For all the talk about the Religious Right’s role in Republican politics, little attention is paid to the influence among Democrats of the Religious Left, of which Ms. Williamson is a recognized leader. And if the odds against her winning her party’s 2020 presidential nomination are a million-to-one, there are nonetheless serious Democrats who believe she can achieve such a miracle. One of them is Dr. Gloria Bromell Tinubu, state director of the Williamson campaign. An experienced politician who served in the Georgia legislature before returning to her native South Carolina, Dr. Tinubu was twice the Democratic nominee for Congress in the 7th District, getting more than 100,000 votes against Republican Rep. Tom Rice in this deep “red” district. Dr. Tinubu introduced Ms. Williamson at Bethel A.M.E. by saying, “I consider her a sister,” which is about as strong an endorsement as any Democrat needs here.
The reason Democrat hopefuls like Ms. Williamson have been flocking to South Carolina the past several weeks is that the Democratic National Committee has made poll standings in the Palmetto State one of the criteria by which candidates can qualify for the first round of the party’s televised presidential debates, which begin in June. DNC Chairman Tom Perez has expressed a desire to have a wide-open primary, a response to Democrats who resent the way their party’s 2016 nomination process was stacked in favor of Hillary Clinton. Much like conservatives whose resentment of GOP Establishment meddling supplied the Tea Party with grassroots energy in 2010, Democrat activists this time around are in no mood for middle-of-the-road candidates.

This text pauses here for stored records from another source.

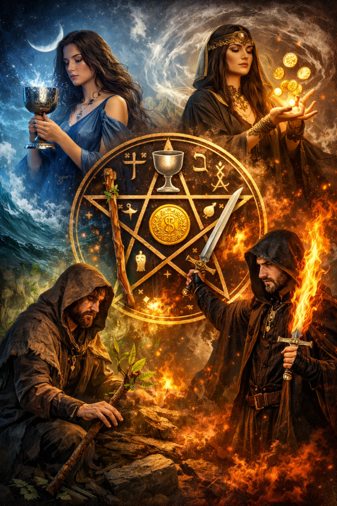 La magia elemental puede entenderse como un sistema simbólico que organiza la experiencia humana en cuatro grandes fuerzas: agua, tierra, aire y fuego.
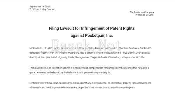 - 东半球最强法务出手!任天堂起诉《幻兽帕鲁》专利侵权
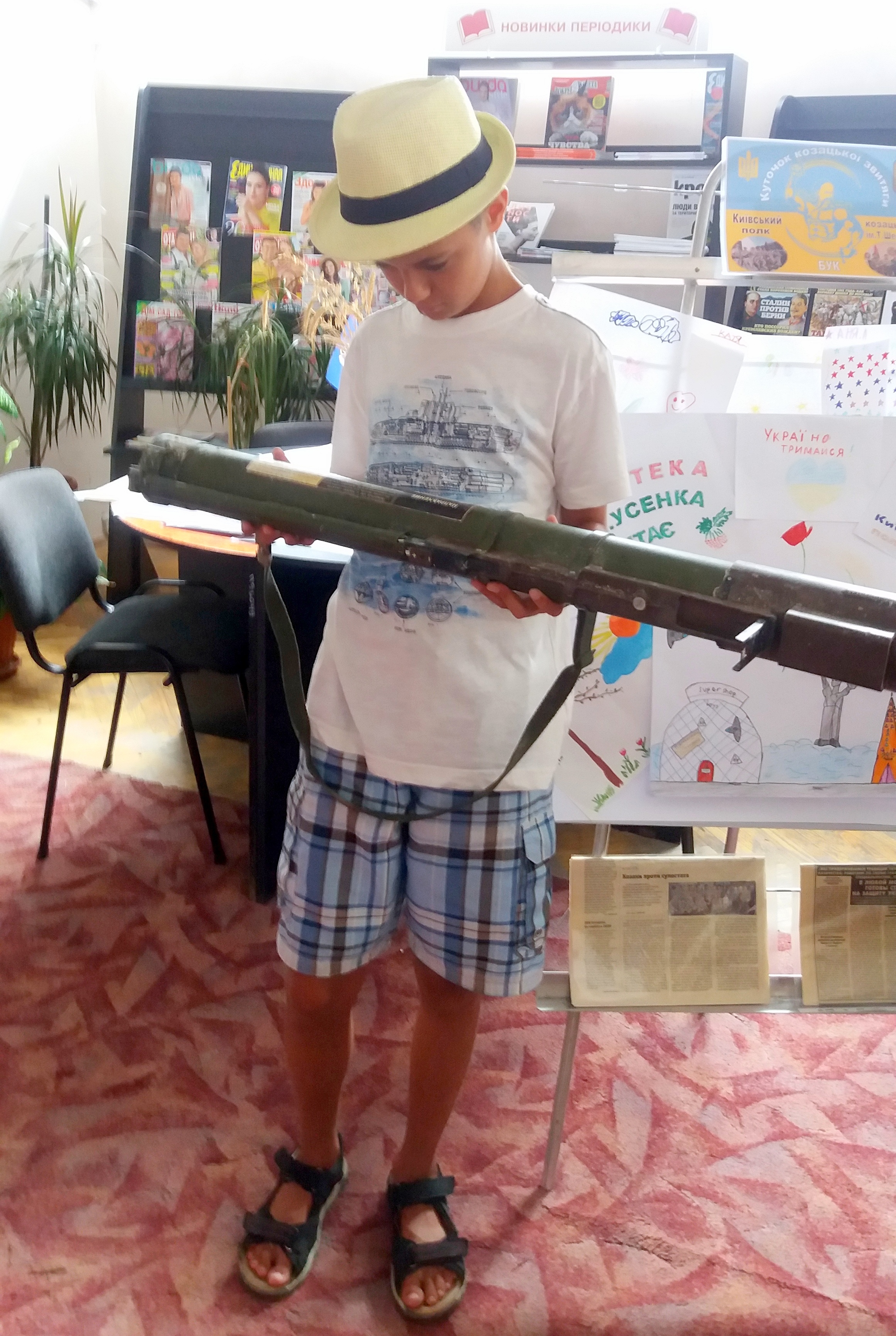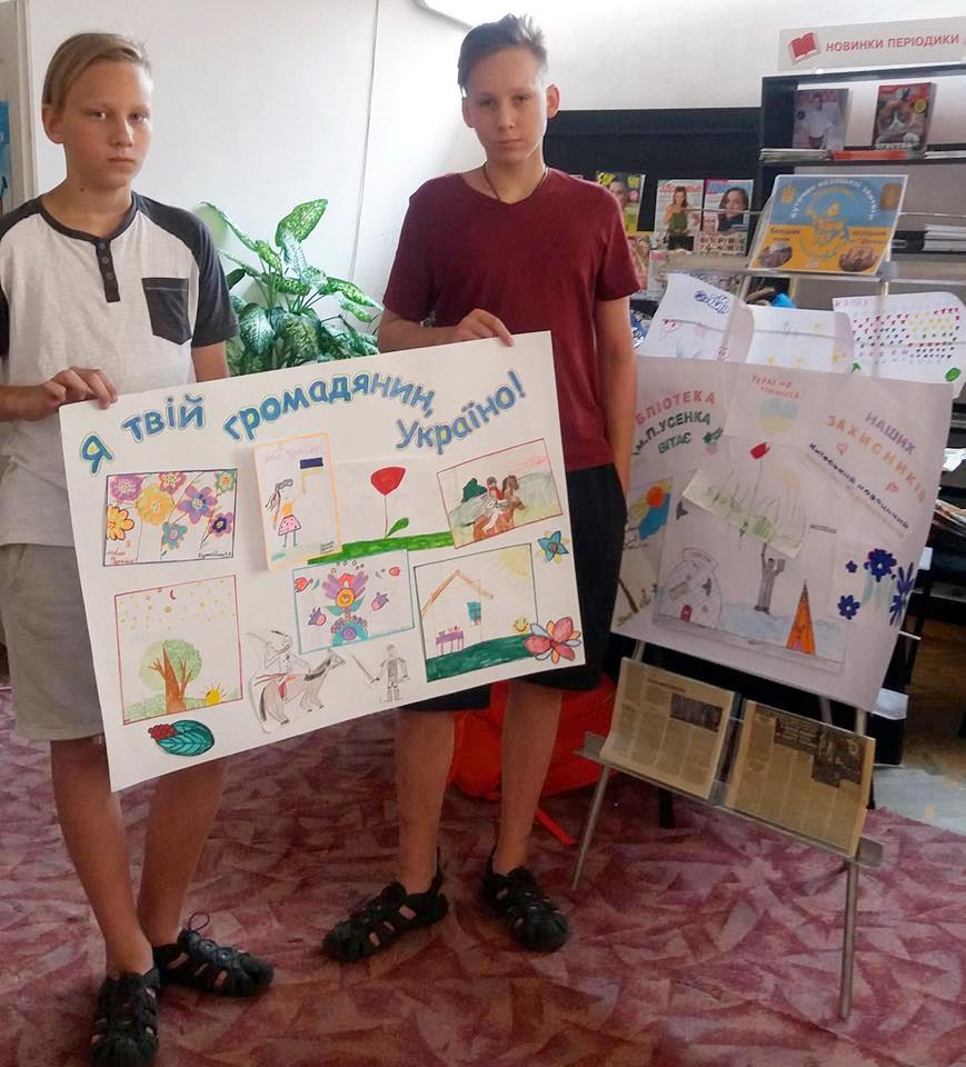 Щоб підтримати бійців співробітники та відвідувачі бібліотеки передали пану Володимиру для відправлення в зону АТО плакат-підтримку, малюнки, обереги, які напередодні були створенні маленькими читачами, а також солодкі смаколики до чаю. Кожна творча, виконана з душею, робота несе воїнам щиру подяку за їхню службу, найтепліші побажання всіляких благ та настанову повертатись живими! А наші друзі-козаки, навзаєм, передали до Куточка козацької звитяги нові експонати: справжнє бойове спорядження та друковані матеріали.
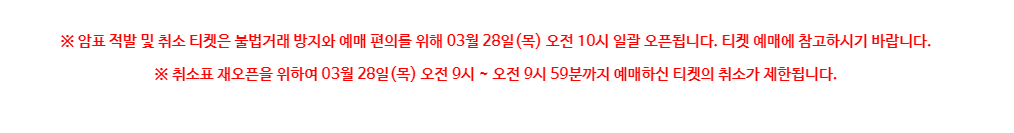 예매 실패하셨다면, 이러한 취소표를 노려보는 것도 방법입니다.
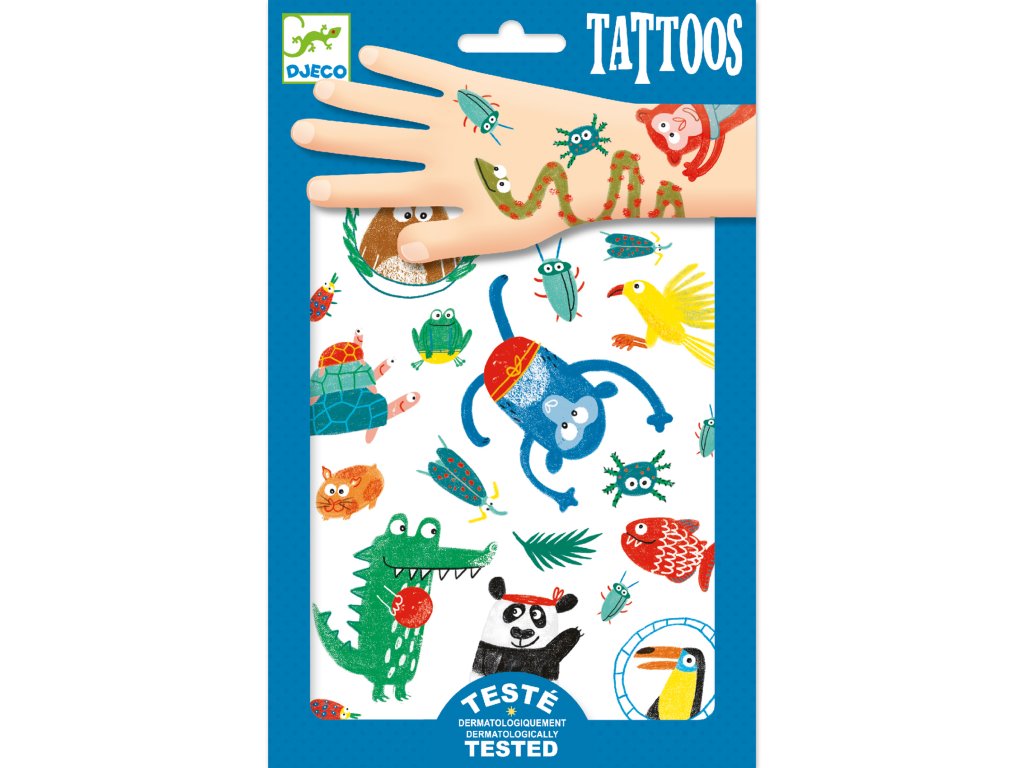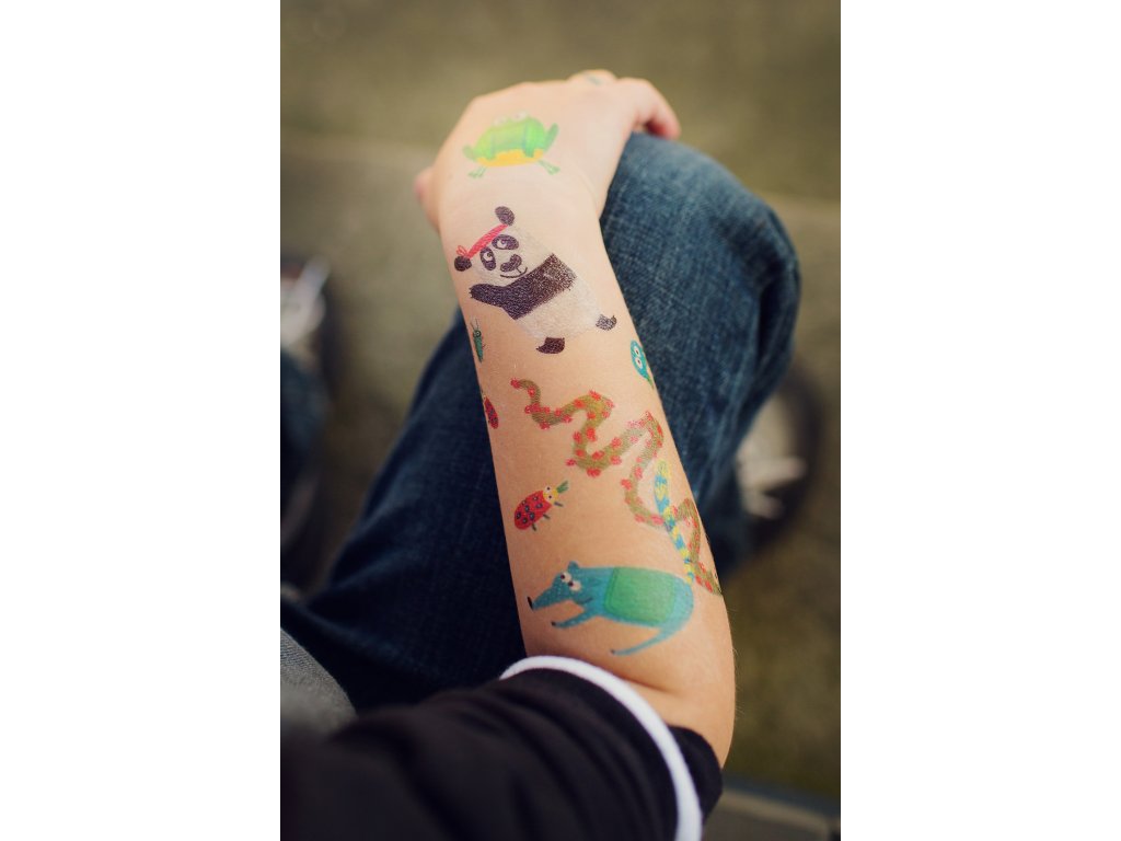 Tetovačky Zvieratká Zvieratká v hlavnej úlohe: veselé ňufáčiky, ktoré deti milujúDočasné tetovačky Zvieratká prinášajú opičky, pandy, krokodíly a ďalšie zvieratká v zábavnom štýle a výrazné farby a hravé zvieracie ňufáčiky. Sú predvystrihnuté, takže aplikácia je rýchla – stačí trocha vody. Dermatologicky testované.Rýchly prehľad odporúčaný vek: od 3 rokov v balení: 2 hárky, návod motívov: viac než 50 aplikácia: vodou odstránenie: mydlovou vodou alebo jemným odličovačom materiál: papier a kartón z udržateľných zdrojov (FSC)Prečo si ich deti zamilujú výrazné farby a hravé zvieracie ňufáčiky pre okamžitý „wow“ efekt jednoduché použitie – ideálne na oslavy, karneval aj „len tak“ predvystrihnuté motívy: menej strihania, viac zábavy na pokožke vydržia niekoľko dní a potom sa ľahko zmyjúAko to funguje Vystrihni vybraný motív. Zlož priehľadnú ochrannú fóliu. Prilož tetovačku obrázkom na kožu a navlhči papier (hubkou alebo handričkou). Po ~30 sekundách papier zlož. Hotovo!Obsah balenia 2× hárky dočasných tetovačiek 1× návod na použitieTechnické parametre typ: dočasné tetovačky pre deti počet: viac než 50 motívov (2 hárky) rozmery hárku: 14 × 21 cm rozmery balenia: 14,5 × 23 cm testovanie: dermatologicky testované materiál: papier/kartón (FSC)Dodatočné parametre
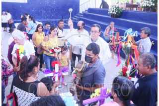 EMILIANO ZAPATA, MORELOS, 03MAYO2023.- Misa por el Dia de la Santa Cruz en la parroquia de la colonia Tres de Mayo. Decenas de católicos acudieron con sus cruces adornadas para que al final de la misa fueran bendecidas. Muchos hombres de oficio de albañil llevaron cruces que serán colocadas en la construcción donde laboran a fin de que tenga la protección divina. FOTO: MARGARITO PÉREZ RETANA / CUARTOCURO.COM
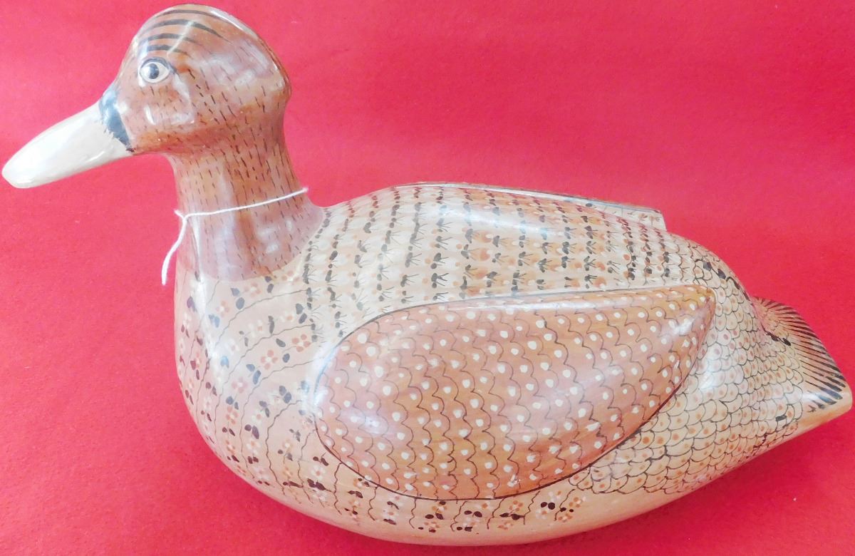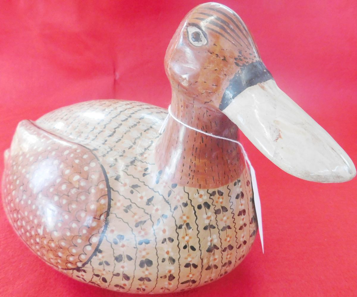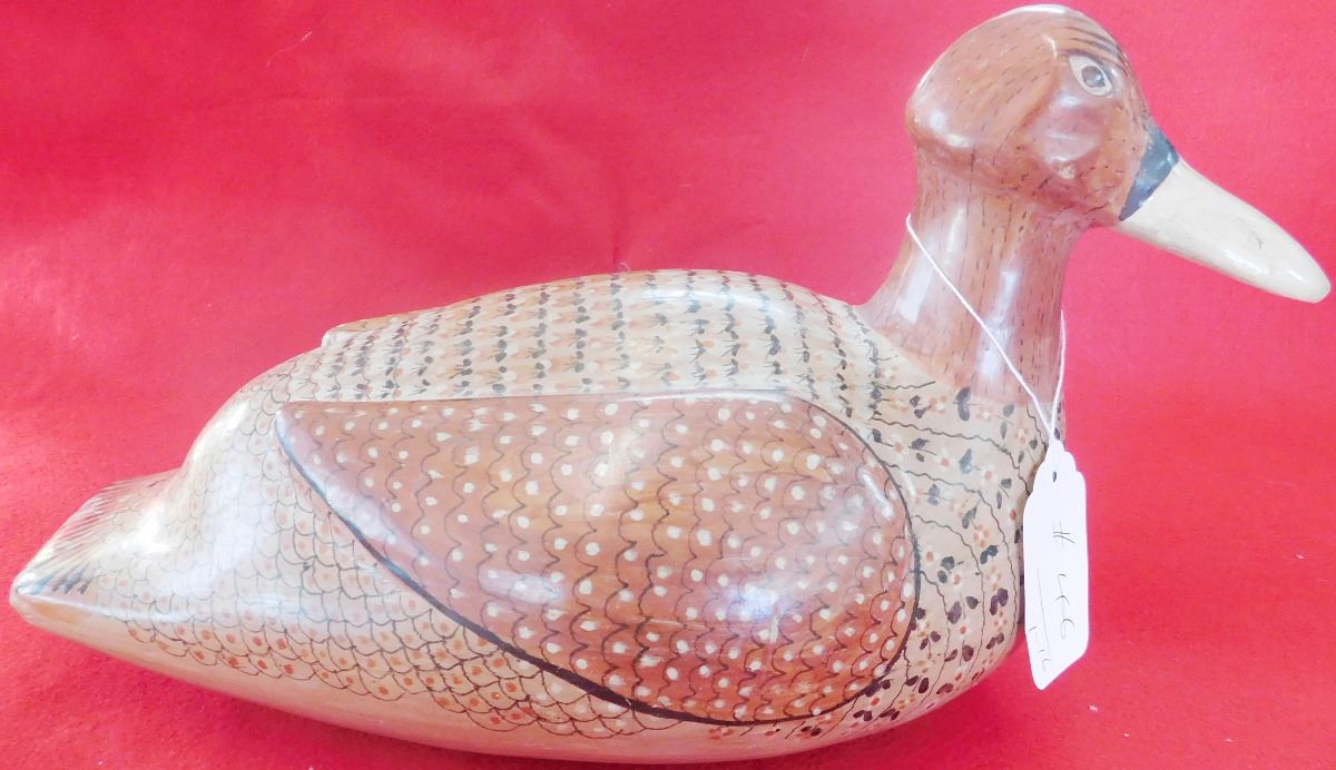 This duck is estimated to be from the 1960's and measures 16 x 9 x 7 inches. It is from Mexico City and is very nicely painted with tiny flowers on the body. Condition: Very good, see images. Shipping: $26.00
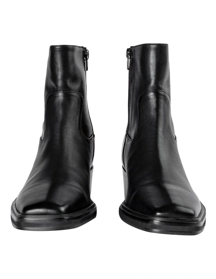 For a touch of the wild west look no further that our Mercury ankle boots. Featuring a bold squared toe-shape, this modern western boot also features an inner zip to easily slip-on-and-go, an exposed sole and a short wood-stack heel.
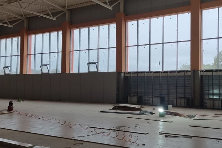 Малый спортивный зал готов к монтажу оборудования, а в большом спортзале и актовом продолжается облицовка панелями и установка потолочной системы.
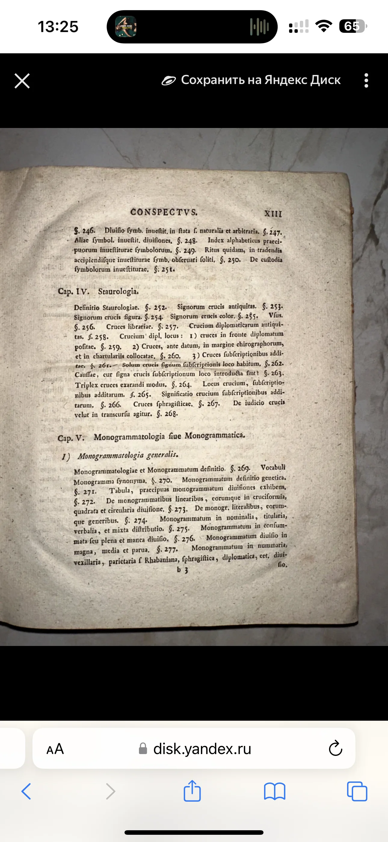 Аутентичный оттиск из академического издания, посвященного символике и геральдике, сохранивший благородную патину времени. Текст набран классическим антиквенным шрифтом на плотной бумаге ручного отлива с характерной текстурой. Предмет представляет коллекционный интерес для исследователей теологии, истории и латинской палеографии.
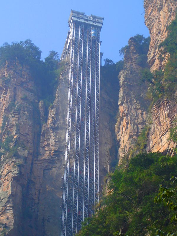 百龍?zhí)焯,垂直高?35米,運行高度326米,由154米山體內堅井和172米貼山鋼結構井架等組成,采用三臺雙層全暴露觀光電梯并列分體運行,每臺次載客50人次,運行速度3米/秒,三臺同時運行每小時往返量達4000人次。百龍?zhí)焯莸男藿▽崿F(xiàn)“山上游,山下住”的目標,提供了交通保障,將袁家界天下第一橋、迷魂臺、天懸白練以及烏龍寨、楊家界等絕世美景從幕后推向了前臺,并將天子山、袁家界、金鞭溪等精品旅游線路連為一體,解決了多年困擾景區(qū)的交通瓶頸問題。
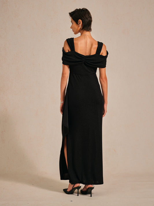 Vestido elegante de lentejuelas con escote en V y hombros descubiertos
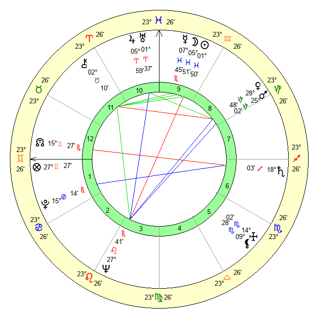 | Moon | 5 Pisces 49 | 14 Sagittarius 3 | 3 Libra 49 |
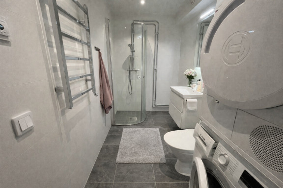 Det rymliga badrummet är helkaklat med vitt kakel och grå klinker. Utrustat med dusch med glasväggar, kommod, vägghängd spegel med LED-belysning, spotlights i taket samt handdukstork och komfortgolvvärme. Här finns även en egen tvättpelare för extra bekvämlighet.
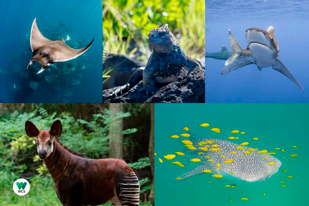 Estas son algunas de las especies que obtuvieron nuevas protecciones comerciales en la CoP20 de la CITES en Samarcanda. Todas estas especies se encuentran ahora en el Apéndice I. De arriba abajo/De izquierda a derecha: manta toro, iguana marina, tiburón oceánico de puntas blancas; okapi; y tiburón ballena.

Despite the fact that Joe Biden is currently the Democrat front-runner in the Real Clear Politics average of national polls, the former vice president’s chances of winning his party’s 2020 nomination aren’t very good. For one thing, Biden is old — four years older than President Trump — and for another thing, he is a white male. Democrats are now so irrevocably committed to the race-and-gender calculus of identity politics that it may be impossible for any white man ever again to win the party’s presidential nomination. Trump said last week that his “dream” would be to run next year against Biden, Vermont Sen. Bernie Sanders, or former Texas Rep. Robert Francis “Beto” O’Rourke. Was it a coincidence that Trump named three white male Democrat contenders, or does the president understand that major Democrat constituencies would be less energized if their party fails to nominate a woman or a minority in 2020? As much as all Democrats hate Trump with the heat of ten thousand suns, a contest between two old white guys wouldn’t do much to inspire enthusiasm in the “intersectional” Left. Even though polls suggest Biden has the best chance to beat Trump, grassroots Democrats aren’t exactly excited by the prospect of an elderly party hack like Biden as their nominee. Sanders is also an old white guy, and the problem with the young white guy (besides being white and male, both now synonyms for evilin the left-wing lexicon) is that O’Rourke (a) is rich and (b) often voted with Republicans during his three terms in Congress. Many readers might think that (b) shows O’Rourke is a sensible centrist who could win back some voters the Democrats lost in 2016, but if that’s what you think, you’re obviously not a Democrat primary voter. What left-wing Democrats want is not sensible centrism, but an all-out war against capitalism, of which they consider Donald Trump the incarnate symbol. The radical Left will be disappointed if the Democrats nominate any candidate more “centrist” than, say, Pol Pot.